Hello {{first_name|Motivated and Miffed Community}},
The Mag7 just reported earnings. The headline number most people are tracking is revenue. The number that actually matters is the one they're spending: Microsoft, Alphabet, Meta, and Amazon are on track to pour a combined $650 billion into AI infrastructure this year alone — the largest capital spending commitment in corporate history. Meanwhile, Google quietly shipped something that may matter more to creators than any model benchmark: a version of search that doesn't send traffic anymore.
→ If the agentic shift is already changing how work gets done at scale, your productivity system needs to catch up. The Productivity Playbook breaks down how to build one that holds when the tools keep moving.
✅ TL;DR
💰🏗️ $650B is being spent on AI infrastructure in 2026. That number is not a projection — it's confirmed capex.
🔍🚫 Google AI Mode has 75M daily users. Around 93% of those searches end without a click.
🤝💥 Microsoft and OpenAI dissolved their exclusivity deal. AWS immediately rolled out three new OpenAI offerings.

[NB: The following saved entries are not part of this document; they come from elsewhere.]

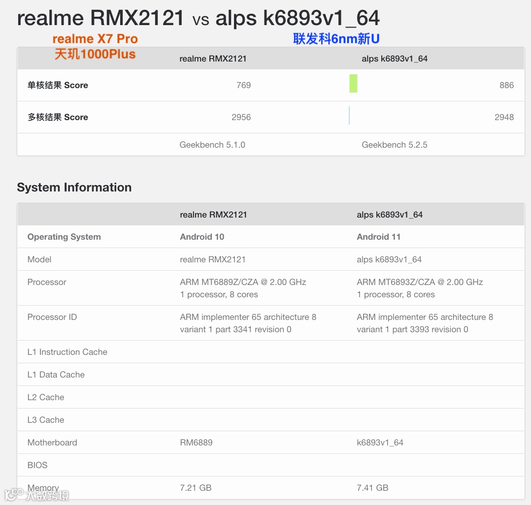 作为补充,联发科6nm新U在Geekbench 5单核跑分886,多核跑分2948,频率为2Ghz,对比天玑1000Plus的跑分来说,俩多核持平,单核则是这颗6nm新U的表现更好一些~当然了现在还是工程机不排除有变动的因素。
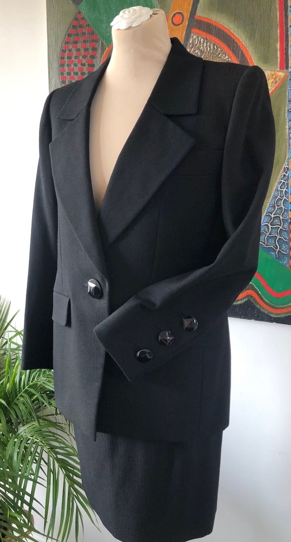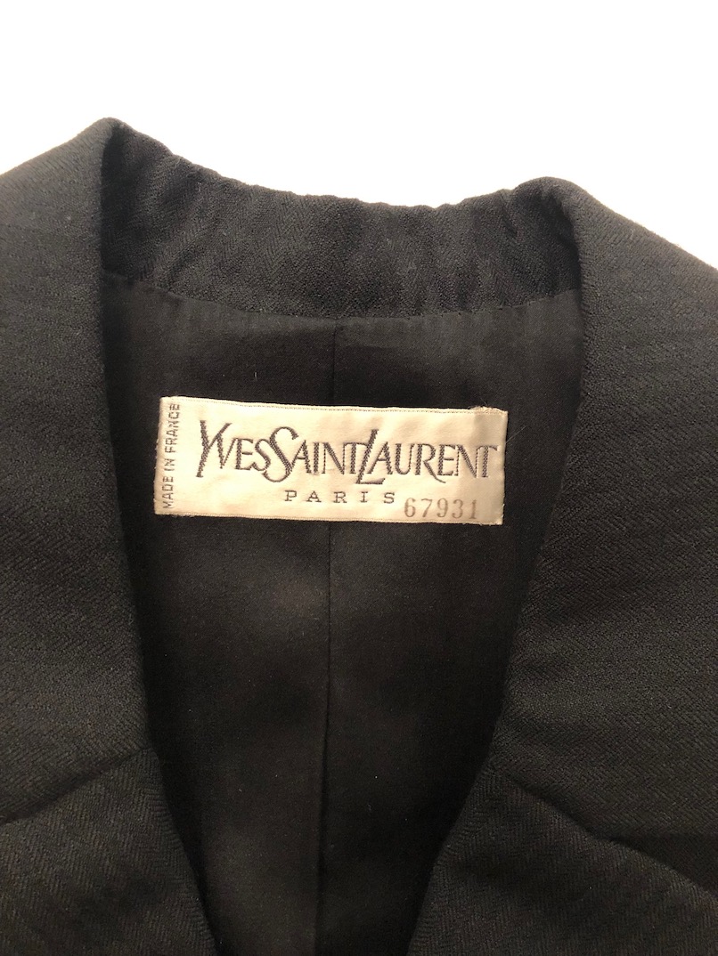 YVES SAINT-LAURENT Haute Couture 67931 Black Single Breasted Pin Stripe Jacket 3 Pc Suit Vintage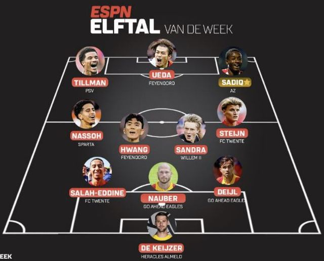 ‘EPSN 네덜란드’는 24일(한국시간) 2024~25 에레디비시 6라운드 베스트11을 공개했다.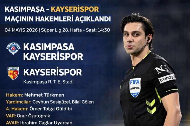 ⚽ Kasımpaşa – Kayserispor karşılaşmasının hakem kadrosu belli oldu.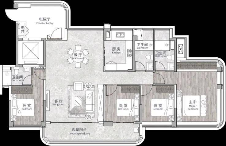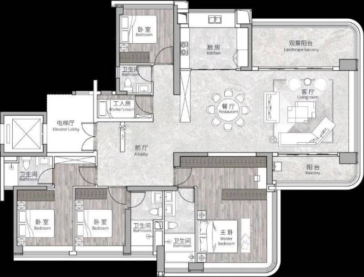 全套房设计:主卧、次卧、老人房、保姆房均带独立卫浴。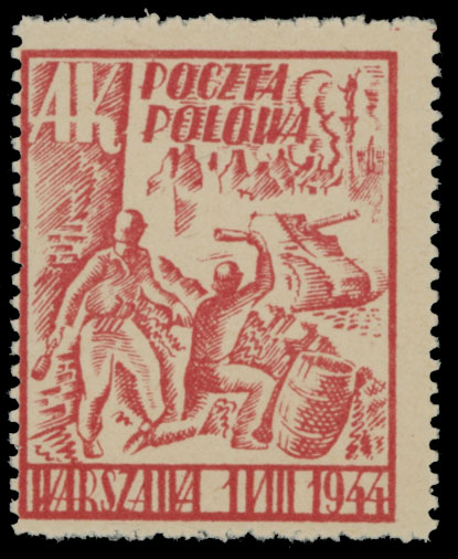 1944, Poczta AK Polowa, the second issue, no value indicated in red, type 5, no gum as issued, NH, fine, Fischer #118, C.v. PLN800, Est. $200-$250

🤖⚙️ The agentic era is no longer a forecast. It's a Q1 earnings call talking point.
🔑 1 Percenter
The Move: Start building for AI citation, not just Google ranking.
The Evidence: Brands cited inside AI Overviews earn 35% more organic clicks and 91% more paid clicks — meaning citation is now the competitive objective, not page-one rank. The top-10 citation rate has dropped from 76% to 38%, which means ranking high on Google no longer reliably gets you surfaced in AI answers.
Start Here: Pick one piece of content you're proud of and audit the first 100 words. Do/es it lead with a direct, declarative answer? If it buries the point, AI systems will skip it.
How useful was this week's 1 Percenter?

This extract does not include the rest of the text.